> [What to do]: Repeat only these lines, exactly: the first line of the data, the line containing "Количество обучающихся студентов", and every line between them. Pictures stay out.
━━━━━━━━━━━━━━━━
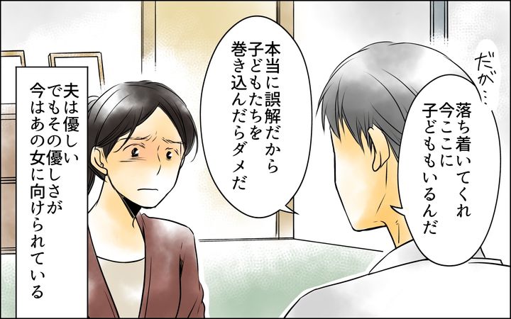 夫の優しさや気遣いはあの女に向けられ、そしてあの女はそんな夫の気持ちを平然と受け止めているように見えました。さらには夫が迷って言葉に詰まると、あの女はそんな夫の言葉をやんわりと受け止めながら自分の意思で意見を話す。その光景は、まるで夫婦みたいな阿吽の呼吸。惹かれあうふたりの間で私はまるでピエロにでもなってしまった気分でした。
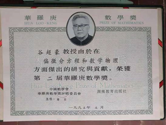 谷晓明老师捐赠的谷超豪先生获奖证书(复制版)
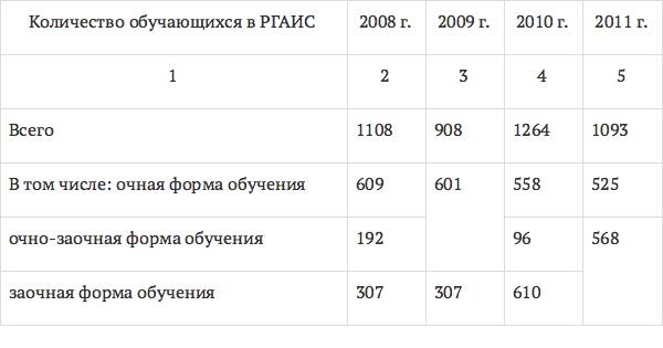 Количество обучающихся студентов в РГАИС за период с 2008 по 2011 год
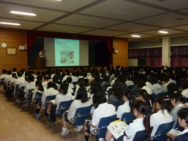 今日の講話を聞くまで佐賀での震災被害、津波の影響など深く考えたことがありませんでした。1792年に雲仙普賢岳の噴火及びその後の眉山の山体崩壊をそれに起因する津波被害にて島原対岸の肥後国に大きな被害を与えたことも知りませんでした。一番記憶に新しい震災被害は、東日本大震災での津波の被害ですが、自然はすごく素敵だけど、時には狂暴化し、恐ろしい物へと変わっていくこともあるのだと思いました。人の心を癒してくれるが、人の心までも奪っていく。多くの方が命を奪われ、多くの方が悲しみに包まれた。テレビを見て、「本当に大変そう、かわいそう」と思うだけで何の活動をできる訳ではなく申し訳ない気持ちでいっぱいでした。私達は何一つ不自由なく生活し、不便になった事がないので、先生のお話の中で医療の話(ナース服を切って陰洗をしたり)や、一人に対して一日当たりの食事の量が本当に少ない事など、改めて実態を考えさせられました。防災から減災へ。「防災」とは被害を出さない取り組みで、「減災」とは、あらかじめ被害の発生を想定した上でその被害を低減させていこうとするものだと納得させられました。①防災の基本知識を広める②危険情報を広く報せる③避難できる環境を作り上げるということを学び、そして災害がもし起こった時には一人の人間として、又、一人の看護師として役に立てられる様、今回の講話を胸に活動、実施していきたいと思います。
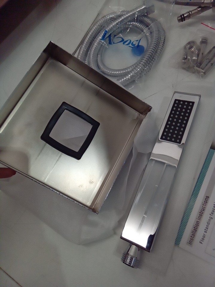 please note that there is minor staining on the handheld sprayer and on the bottom of the stand. see photos.
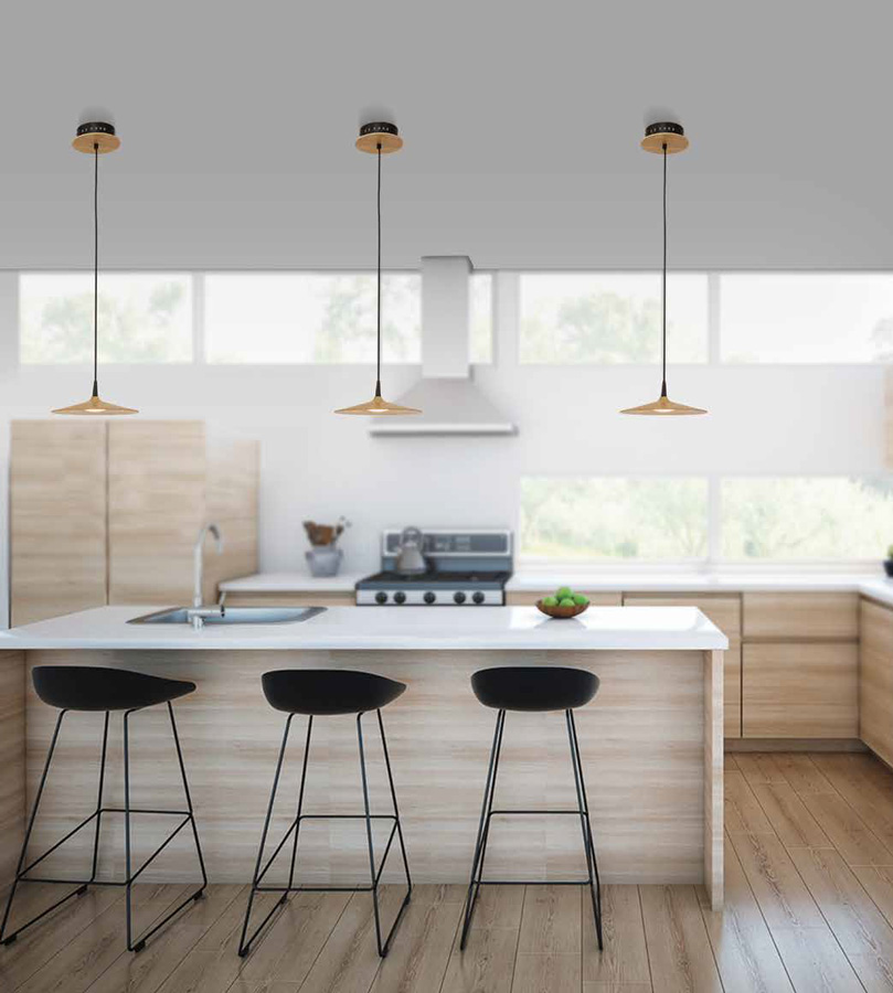 LED пендел, изработен от дърво в натурален цвят и метал в цвят черен мат с минималистична визия Zambelis.
━━━━━━━━━━━━━━━━
> [Response to the task]:
 夫の優しさや気遣いはあの女に向けられ、そしてあの女はそんな夫の気持ちを平然と受け止めているように見えました。さらには夫が迷って言葉に詰まると、あの女はそんな夫の言葉をやんわりと受け止めながら自分の意思で意見を話す。その光景は、まるで夫婦みたいな阿吽の呼吸。惹かれあうふたりの間で私はまるでピエロにでもなってしまった気分でした。
 谷晓明老师捐赠的谷超豪先生获奖证书(复制版)
 Количество обучающихся студентов в РГАИС за период с 2008 по 2011 год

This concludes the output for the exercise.